MATERIALS PROVIDED Start Marker

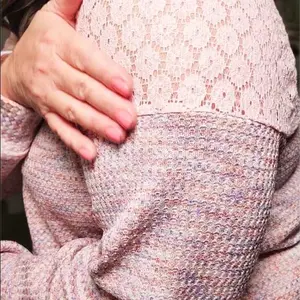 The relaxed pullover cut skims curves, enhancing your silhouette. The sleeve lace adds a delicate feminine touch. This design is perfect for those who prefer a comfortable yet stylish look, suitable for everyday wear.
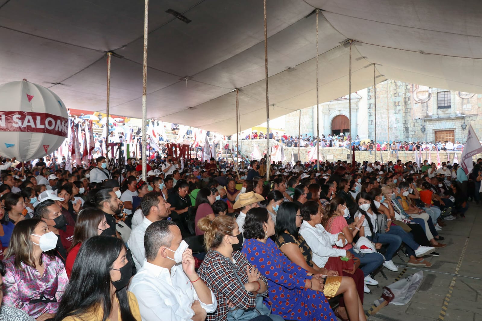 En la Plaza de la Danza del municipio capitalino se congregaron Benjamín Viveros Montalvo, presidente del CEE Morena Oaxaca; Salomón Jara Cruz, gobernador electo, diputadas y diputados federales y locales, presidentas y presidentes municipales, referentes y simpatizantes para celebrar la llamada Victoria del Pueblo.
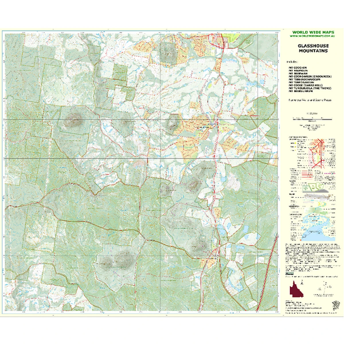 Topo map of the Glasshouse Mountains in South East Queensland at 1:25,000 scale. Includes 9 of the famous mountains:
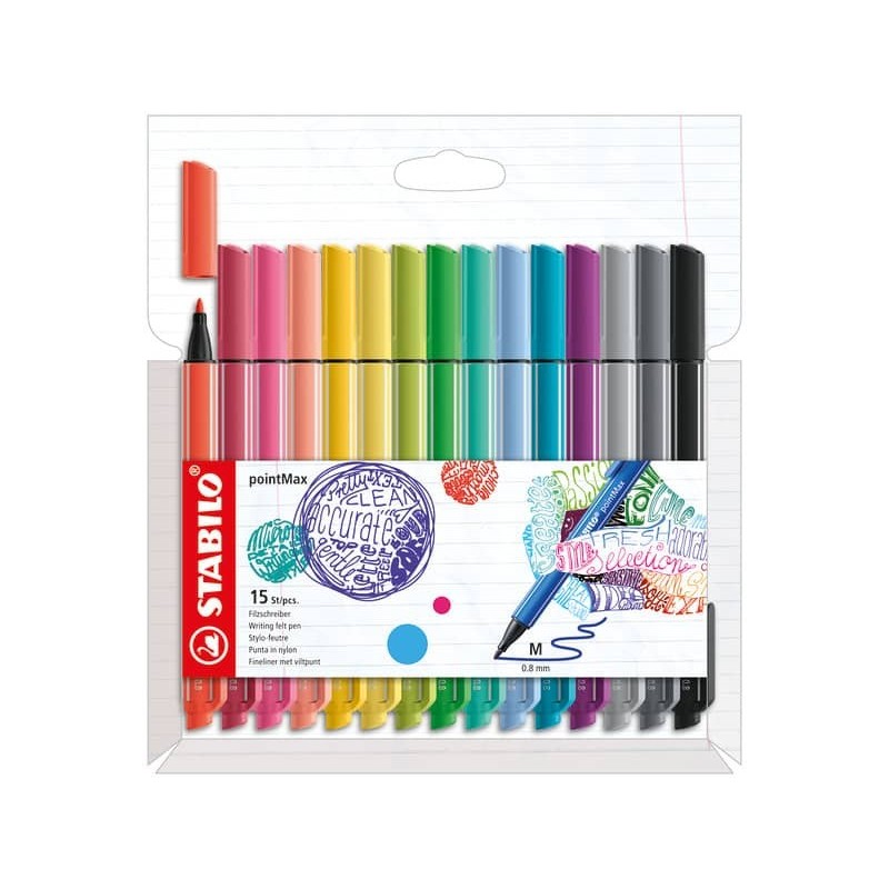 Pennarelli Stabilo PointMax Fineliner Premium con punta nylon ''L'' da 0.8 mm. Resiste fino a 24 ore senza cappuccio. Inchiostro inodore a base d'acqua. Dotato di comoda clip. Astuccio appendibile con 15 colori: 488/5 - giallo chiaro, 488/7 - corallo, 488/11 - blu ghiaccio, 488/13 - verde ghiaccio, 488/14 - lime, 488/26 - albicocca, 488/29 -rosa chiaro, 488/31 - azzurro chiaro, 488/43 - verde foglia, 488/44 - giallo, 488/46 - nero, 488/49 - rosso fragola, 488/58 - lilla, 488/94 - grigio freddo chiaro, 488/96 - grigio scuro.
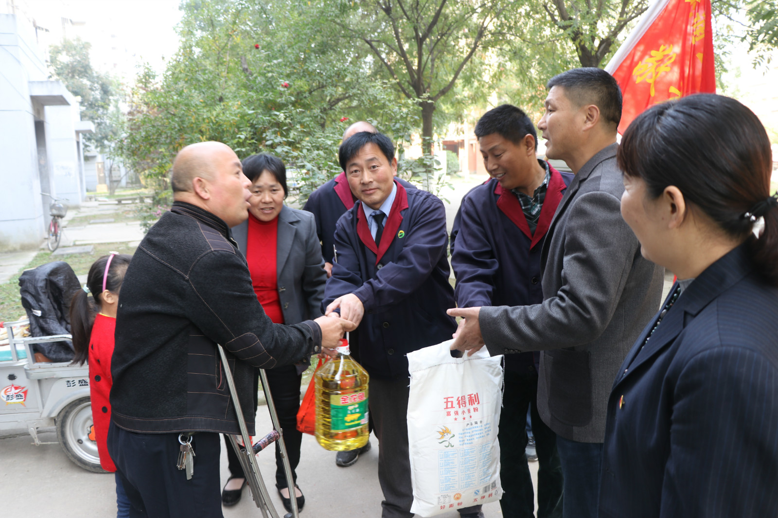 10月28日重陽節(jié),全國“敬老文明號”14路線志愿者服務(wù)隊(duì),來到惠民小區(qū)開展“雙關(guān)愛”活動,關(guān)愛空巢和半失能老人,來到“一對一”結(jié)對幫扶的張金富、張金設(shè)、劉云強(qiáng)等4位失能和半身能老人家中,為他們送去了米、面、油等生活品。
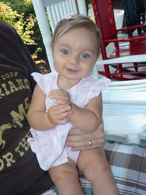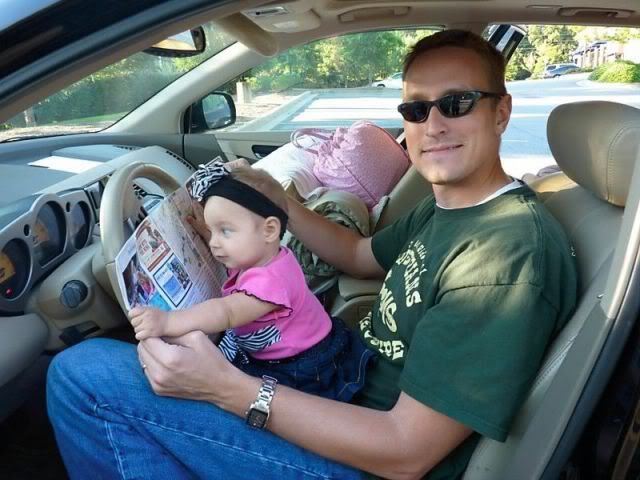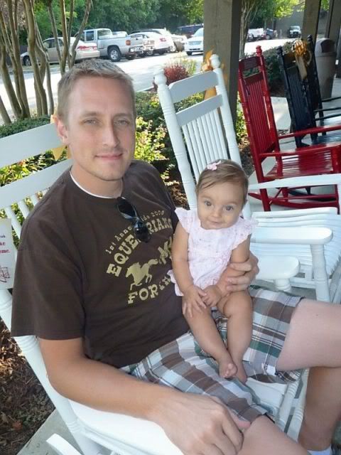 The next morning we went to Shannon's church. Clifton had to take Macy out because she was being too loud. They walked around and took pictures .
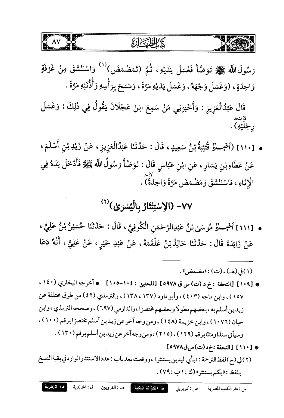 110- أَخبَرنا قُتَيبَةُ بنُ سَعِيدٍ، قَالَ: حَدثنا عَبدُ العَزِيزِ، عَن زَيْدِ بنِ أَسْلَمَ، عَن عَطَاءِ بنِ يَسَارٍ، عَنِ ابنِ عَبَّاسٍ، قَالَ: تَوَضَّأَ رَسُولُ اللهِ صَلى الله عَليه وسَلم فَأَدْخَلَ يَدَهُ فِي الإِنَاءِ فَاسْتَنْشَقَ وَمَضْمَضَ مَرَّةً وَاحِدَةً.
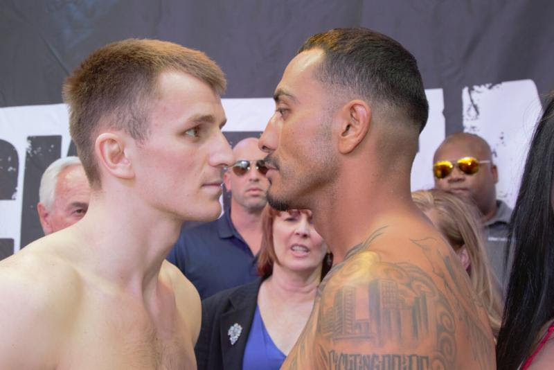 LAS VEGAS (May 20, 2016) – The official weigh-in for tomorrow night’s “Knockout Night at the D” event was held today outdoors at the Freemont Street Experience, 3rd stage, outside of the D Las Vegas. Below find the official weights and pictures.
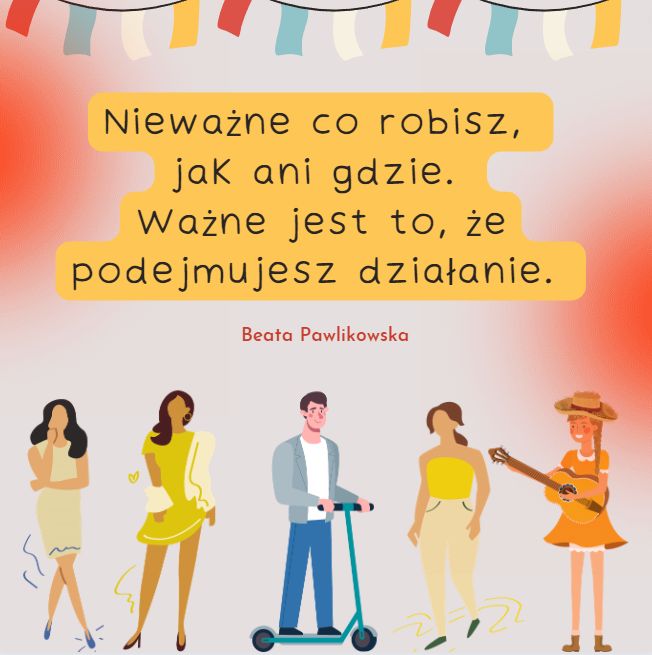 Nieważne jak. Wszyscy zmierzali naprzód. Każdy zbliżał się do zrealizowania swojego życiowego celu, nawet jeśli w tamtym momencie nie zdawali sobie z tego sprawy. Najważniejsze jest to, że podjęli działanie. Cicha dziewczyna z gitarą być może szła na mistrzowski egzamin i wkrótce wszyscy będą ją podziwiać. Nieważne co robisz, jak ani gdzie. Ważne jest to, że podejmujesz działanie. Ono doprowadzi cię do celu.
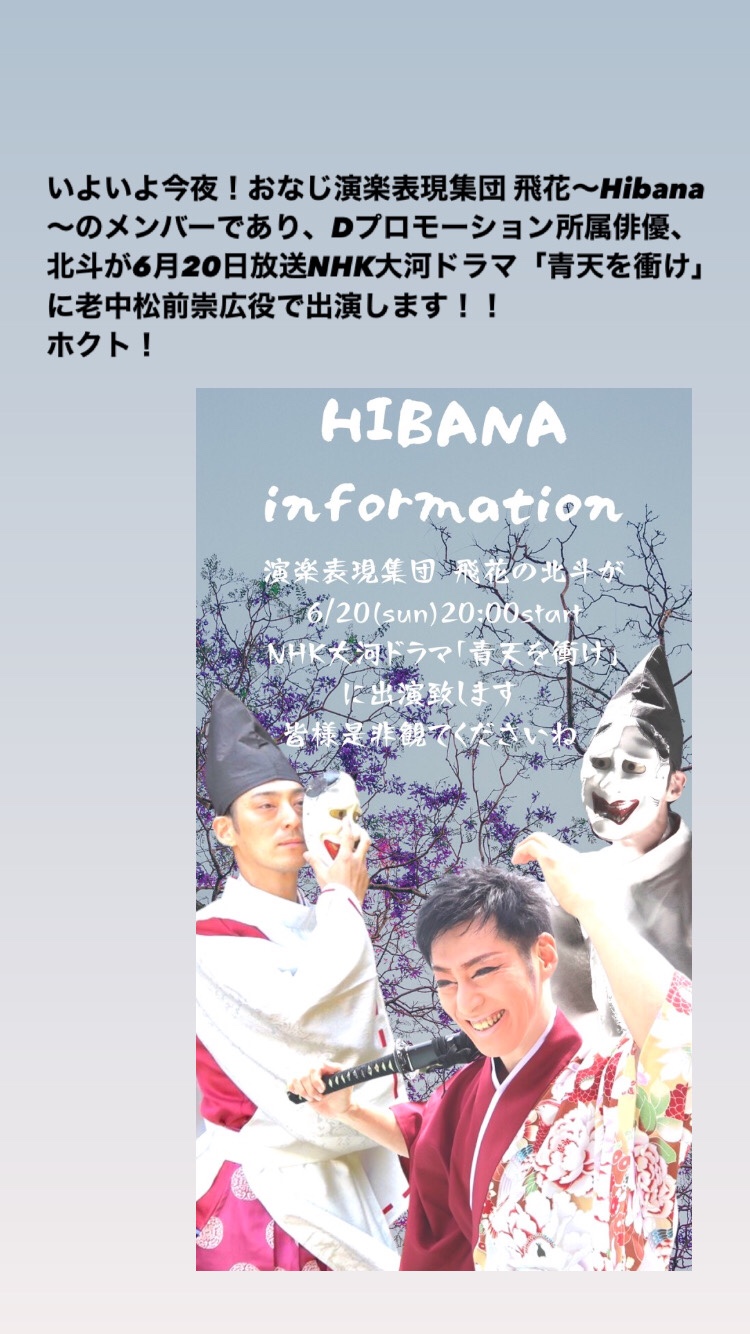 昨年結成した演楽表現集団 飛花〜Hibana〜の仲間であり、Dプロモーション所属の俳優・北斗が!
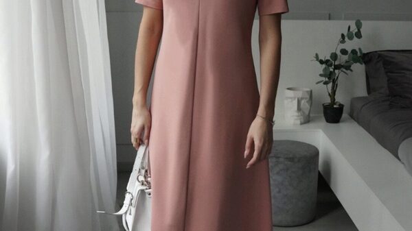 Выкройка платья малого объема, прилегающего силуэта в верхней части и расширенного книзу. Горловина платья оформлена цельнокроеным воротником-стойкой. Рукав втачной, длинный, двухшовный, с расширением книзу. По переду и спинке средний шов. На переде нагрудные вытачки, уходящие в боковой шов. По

MATERIALS PROVIDED End Marker

Reproduce the full listing above verbatim, with no pictures included.

 The relaxed pullover cut skims curves, enhancing your silhouette. The sleeve lace adds a delicate feminine touch. This design is perfect for those who prefer a comfortable yet stylish look, suitable for everyday wear.
 En la Plaza de la Danza del municipio capitalino se congregaron Benjamín Viveros Montalvo, presidente del CEE Morena Oaxaca; Salomón Jara Cruz, gobernador electo, diputadas y diputados federales y locales, presidentas y presidentes municipales, referentes y simpatizantes para celebrar la llamada Victoria del Pueblo.
 Topo map of the Glasshouse Mountains in South East Queensland at 1:25,000 scale. Includes 9 of the famous mountains:
 Pennarelli Stabilo PointMax Fineliner Premium con punta nylon ''L'' da 0.8 mm. Resiste fino a 24 ore senza cappuccio. Inchiostro inodore a base d'acqua. Dotato di comoda clip. Astuccio appendibile con 15 colori: 488/5 - giallo chiaro, 488/7 - corallo, 488/11 - blu ghiaccio, 488/13 - verde ghiaccio, 488/14 - lime, 488/26 - albicocca, 488/29 -rosa chiaro, 488/31 - azzurro chiaro, 488/43 - verde foglia, 488/44 - giallo, 488/46 - nero, 488/49 - rosso fragola, 488/58 - lilla, 488/94 - grigio freddo chiaro, 488/96 - grigio scuro.
 10月28日重陽節(jié),全國“敬老文明號”14路線志愿者服務(wù)隊(duì),來到惠民小區(qū)開展“雙關(guān)愛”活動,關(guān)愛空巢和半失能老人,來到“一對一”結(jié)對幫扶的張金富、張金設(shè)、劉云強(qiáng)等4位失能和半身能老人家中,為他們送去了米、面、油等生活品。
 The next morning we went to Shannon's church. Clifton had to take Macy out because she was being too loud. They walked around and took pictures .
 110- أَخبَرنا قُتَيبَةُ بنُ سَعِيدٍ، قَالَ: حَدثنا عَبدُ العَزِيزِ، عَن زَيْدِ بنِ أَسْلَمَ، عَن عَطَاءِ بنِ يَسَارٍ، عَنِ ابنِ عَبَّاسٍ، قَالَ: تَوَضَّأَ رَسُولُ اللهِ صَلى الله عَليه وسَلم فَأَدْخَلَ يَدَهُ فِي الإِنَاءِ فَاسْتَنْشَقَ وَمَضْمَضَ مَرَّةً وَاحِدَةً.
 LAS VEGAS (May 20, 2016) – The official weigh-in for tomorrow night’s “Knockout Night at the D” event was held today outdoors at the Freemont Street Experience, 3rd stage, outside of the D Las Vegas. Below find the official weights and pictures.
 Nieważne jak. Wszyscy zmierzali naprzód. Każdy zbliżał się do zrealizowania swojego życiowego celu, nawet jeśli w tamtym momencie nie zdawali sobie z tego sprawy. Najważniejsze jest to, że podjęli działanie. Cicha dziewczyna z gitarą być może szła na mistrzowski egzamin i wkrótce wszyscy będą ją podziwiać. Nieważne co robisz, jak ani gdzie. Ważne jest to, że podejmujesz działanie. Ono doprowadzi cię do celu.
 昨年結成した演楽表現集団 飛花〜Hibana〜の仲間であり、Dプロモーション所属の俳優・北斗が!
 Выкройка платья малого объема, прилегающего силуэта в верхней части и расширенного книзу. Горловина платья оформлена цельнокроеным воротником-стойкой. Рукав втачной, длинный, двухшовный, с расширением книзу. По переду и спинке средний шов. На переде нагрудные вытачки, уходящие в боковой шов. По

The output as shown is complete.